Telah ada di dalam Al Musu’ah Al Fiqhiyyah (13/97):
“Dibolehkan menurut jumhur ulama fikih bagi orang berhadats untuk menyentuh, membawa dan mengkaji kitab-kitab tafsir, meskipun di dalamnya terdapat ayat-ayat Al Qur’an, meskipun ia dalam kondisi junub, mereka berkata: “Karena tujuan dari tafsir ini adalah makna Al Qur’an, bukan membacanya, maka tidak berlaku kepadanya hukum AL Qur’an”.
Kalangan Syafi’iyyah telah menyatakan dengan jelas bahwa bolehnya ini dengan syarat tafsirnya lebih banyak dari Al Qur’an, karena tidak ada unsur merusak keagungannya pada saat itu, dan tidak juga tidak bermakna mushaf.
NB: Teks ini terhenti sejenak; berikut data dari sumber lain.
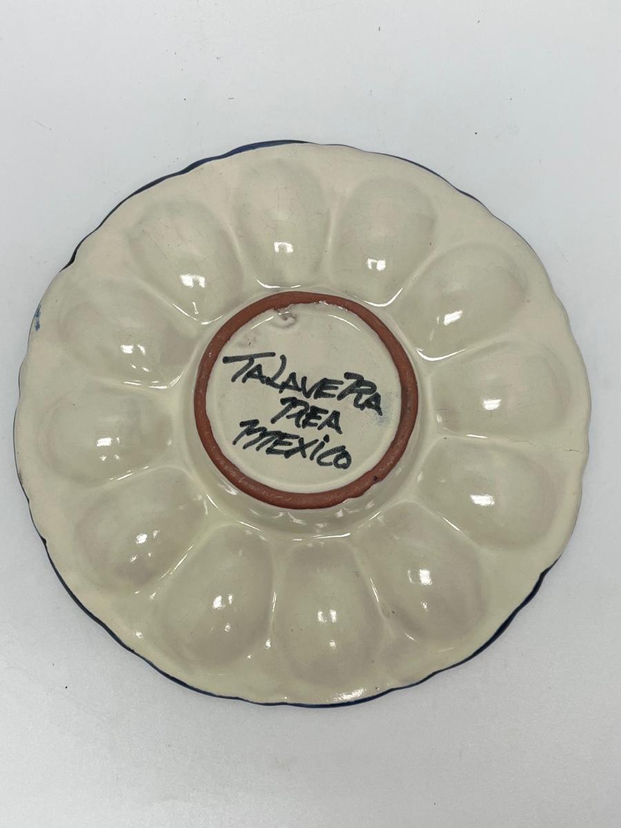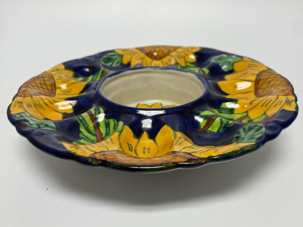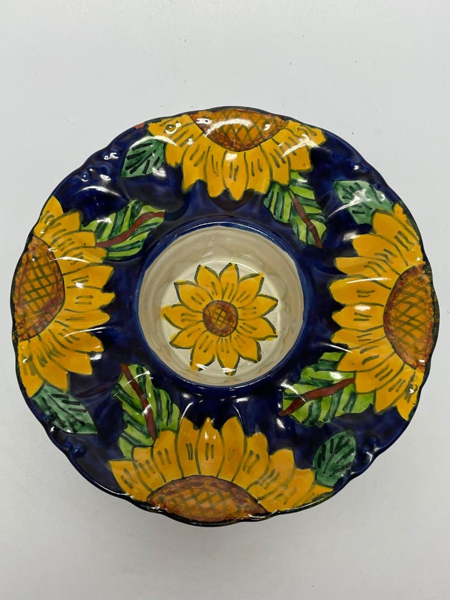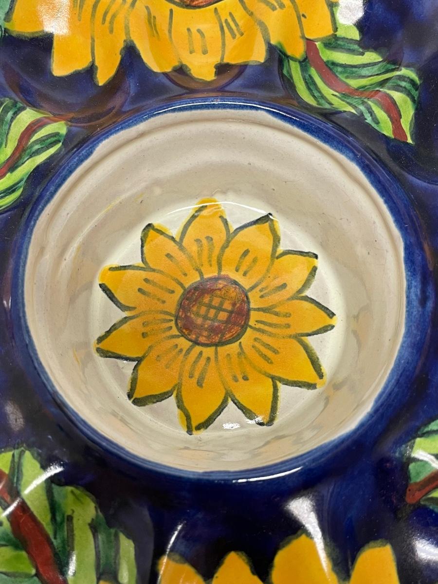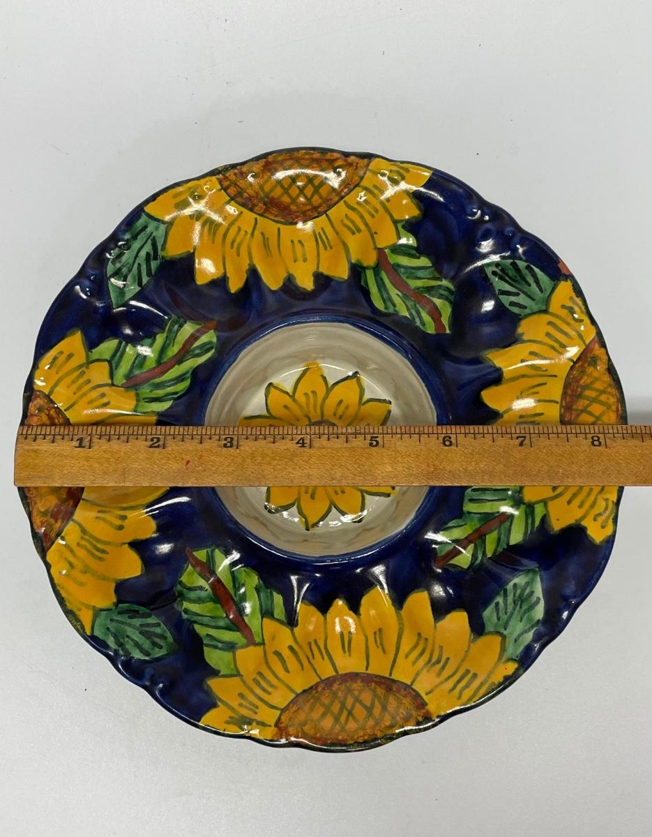 Vintage Talavera Majolica Hand Painted Sunflower Deviled Egg Plate Serving Dish Bowl

Tapi Hanafiyah berbeda dalam hal ini, mereka mewajibkan berwudhu’ untuk menyentuh kitab-kitab tafsir”. Selesai.
Syeikh Ibnu Utsaimin –rahimahullah- berkata: “Dan adapun kitab-kitab tafsir maka boleh disentuh (tanpa wudhu’) ; karena dianggap sebagai tafsirannya, dan ayat-ayat yang ada di dalamnya lebih sedikit dari tafsirnya yang ada di dalamnya.
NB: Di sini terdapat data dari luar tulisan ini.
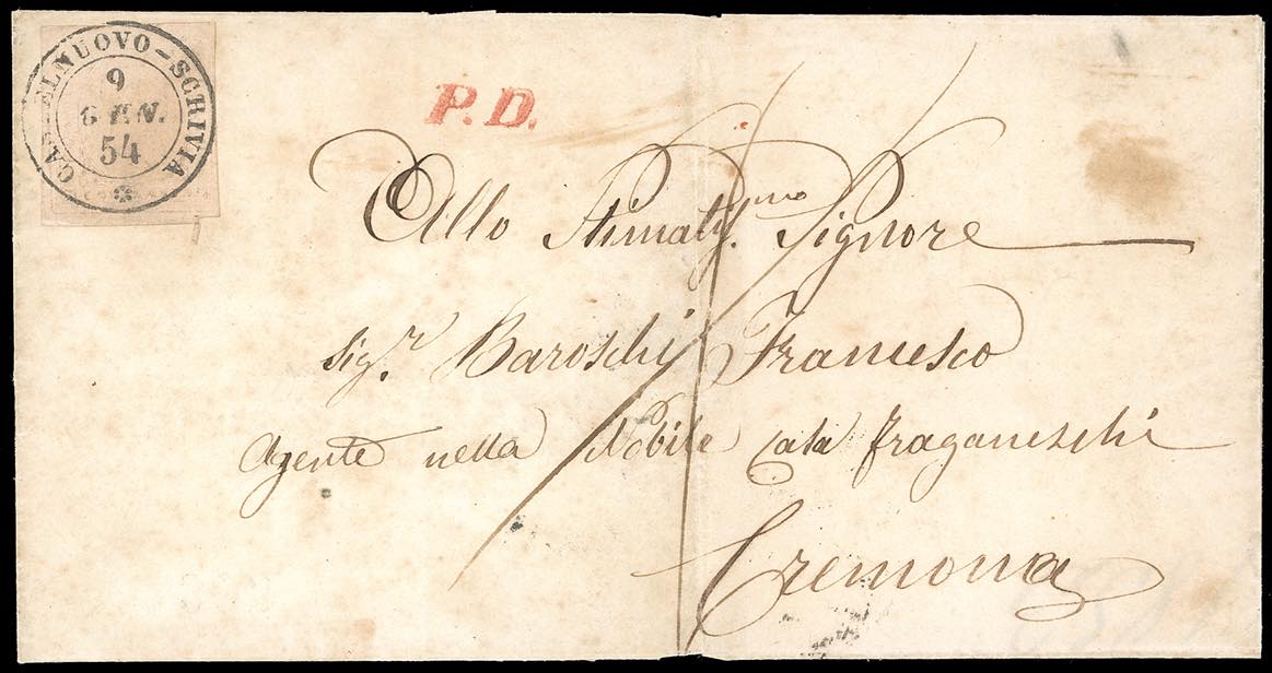 1854 - 40 cent. rosa chiaro (6), appena sfiorato a destra, su lettera da Castelnuovo Scrivia 9/1/1854 a Cremona, bollo P.D. rosso.

Dan yang mendasari hal ini adalah Nabi –shalallallahu ‘alaihi wa sallam- menulis surat kepada orang-orang kafir, di dalamnya ada ayat-ayat Al Qur’an, maka hal itu menunjukkan bahwa hukumnya menurut kebanyakan dan mayoritas. Adapun jika tafsir dan Al Qur’annya sama seimbang, maka jika yang dibolehkan bertemu dengan melarangnya, dan ia tidak bisa membedakan salah satu dari keduanya dengan penguat, maka dominan dihukumi sebagai Al Qur’an.
Dan jika tafsirnya lebih banyak, meskipun dengan jumlah sedikit maka diberikan hukum sebagai tafsir”. Selesai. (As Syarhu Al Mumti’: 1/267)
Dan telah ada di dalam Fatawa Lajnah Daimah: (4/136): “Dibolehkan menterjemah makna Al Qur’an dengan bahasa selain bahasa Arab, sebagaimana dibolehkan mentafsiri maknanya, dengan bahasa Arab, dan hal itu menjadi penjelas untuk makna yang telah difahami oleh si penerjemah Al Qur’an, dan tidak bisa disebut sebagai Al Qur’an.
Dan karennya seseorang boleh menyentuh terjemah makna Al Qur’an dengan selain bahasa Arab dan tafsirnya dengan bahasa Arab, sementara ia dalam kondisi belum wudhu’”. Selesai.